Pendants d’histoire
Le Jeu de l’Oye
Chardin, Salon de 1743 , gravure par Surugue fils (inversée Gauche Droite)
Les tours de carte
Chardin, Salon de 1743 , Dublin National Gallery of Ireland
Dans Le jeu de l’Oye, les trois enfants, debout autour d’une table pliante, sont mis à égalité : la grande fille tient le cornet de dés, le grand garçon déplace les pions et le petit, qui ne sait pas encore bien compter, suit le jeu avec attention.
Dans Les tours de carte, les deux enfants, debout et passifs, sont séparés par une lourde table de l’adulte assis qui les manipule.
Pour souligner cette opposition entre un jeu contrôlé par les enfants et un divertissement contrôlé par l’adulte, Chardin a dessiné à gauche une chaise d’enfant, à droite une chaise normale.
La bonne éducation
Chardin, Salon de 1749, Museum of Fine Art, Houston
L’étude du dessin
Chardin, Salon de 1749, Schweden, Sammlung Wanas
Ces deux pendants, commandés par la reine de Suède, sont fort subtils : mis à part qu’ils traitent tous deux du thème cher à Chardin de l’éducation, quel rapport entre la mère, interrompant son ouvrage pour faire réciter une leçon à sa fille, et le dessinateur copiant, sous le regard d’un condisciple, un plâtre du célèbre Mercure de Pigalle ? Notons d’abord qu’en prônant la copie d’un auteur contemporain, et non d’un plâtre antique, Chardin prend ici une position avancée en matière d’enseignement du dessin.

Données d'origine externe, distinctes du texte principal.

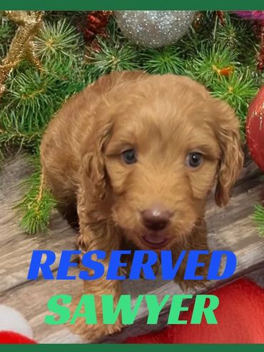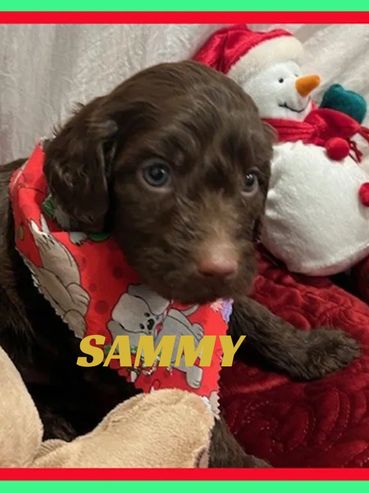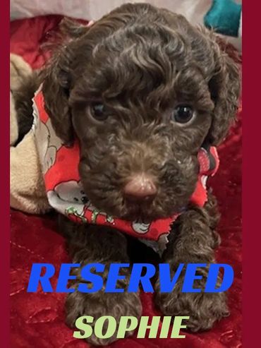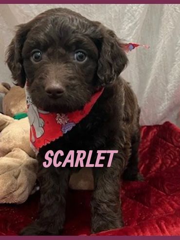 Hello there, I am Scarlet, I was born on 11/12/25 and I am a female Chocolate, Mini Goldendoodle. My parents are Coco, a 35 lb. Goldendoodle and Duke, a 45lb. AKC registered Moyen Poodle. I expect I will be 35-45 pounds full grown... and I will be sure to melt your heart with lots of love and playtime.

Pour saisir la logique d’ensemble, il faut remonter à cette pédagogie préhistorique où la copie fidèle n’était pas vue comme servile. On comprend alors que les deux tableaux nous montrent en fait la même chose :
⦁ un objet du savoir : le livre ou la statue-modèle ;
⦁ un élève, qui recopie dans sa tête ou sur le papier le modèle à assimiler ;
⦁ un tiers (la mère ou le condisciple) qui vérifie que la copie est bien faite.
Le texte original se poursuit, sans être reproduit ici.